Basta apenas informar o leitor que, como outros redatores nesta série, fiz minha própria tradução do original (seguiremos Almeida Revista e Atualizada no Brasil nas transcrições), e agradecer os numerosos amigos que me deram ajuda e encorajamento. Entre estes, gostaria especialmente de mencionar o Professor F. F. Bruce, que bondosamente leu e comentou a Introdução, o Reverendo D. Guthrie, que ofereceu sugestões valiosas, e Sra. Etta Guilick, em cuja casa em Somerset o livro começou, e foi datilografado em parte.
Dia da Ascensão, 1963.
ABREVIATURAS
ai.	Aliter, i.é, "doutra forma."
ARA	Almeida Revista e Atualizada no Brasil
ARC	Almeida Revista e Corrigida
AV	Authorizedou KingJames — Versão da Bíblia.
LXX	Septuaginta (Versão grega do Antigo Testamento).
m	Nota marginal.
Moffatt	The Bible, A New Translation, por J. Moffatt.
MS (S)	Manuscrito(s)
NEB	The New English Bible (Novo Testamento)
N.T.	Novo Testamento.
A.T.	Antigo Testamento.
PG	Patrologia Graeca, ed.J.Migne.
PL	Patrologia Latina, ed. J. Migne.
RSV	Revised Standard Version da Bíblia em Inglês.
Vulgata	A versão Vulgata, ou latina, da Bíblia.
Outros comentários usualmente têm sido citados pêlos nomes dos seus autores.
INTRODUÇÃO
l.

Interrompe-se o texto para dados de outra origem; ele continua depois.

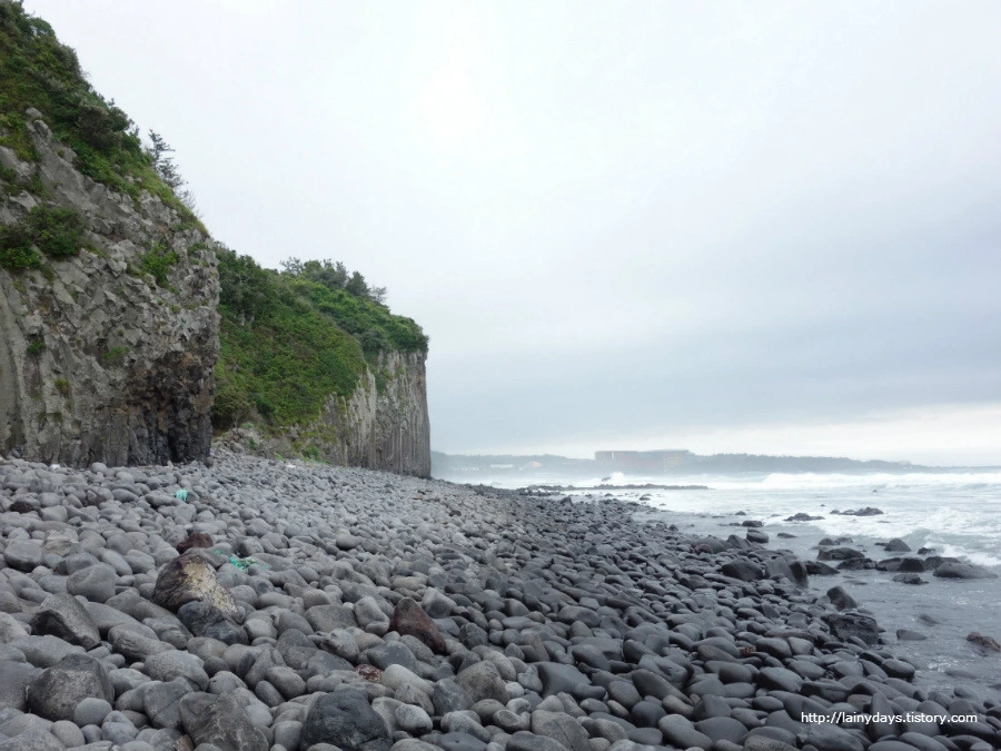 저 멀리 절벽 끝에 주상절리도 보인다. 저것도 제주도랑 유사하다. 못 믿겠다고? 왼쪽 사진은 아이슬란드의 주상절리고, 오른쪽 사진은 제주도의 (갯깍) 주상절리대다. 해변 풍경도 그렇고, 절벽 끝에 생성된 것도 그렇고 정말 닮았다.

AS PERSONALIDADES
Estas três cartas, que formam um grupo distinto na coletânea paulina, declaram ser comunicações do grande Apóstolo enviadas a dois dos seus lugares-tenentes da maior confiança. Receberam o título de "Pastorais" desde o início do século XVIII porque estão endereçadas a pastores e, em grande medida, dizem respeito aos deveres deles.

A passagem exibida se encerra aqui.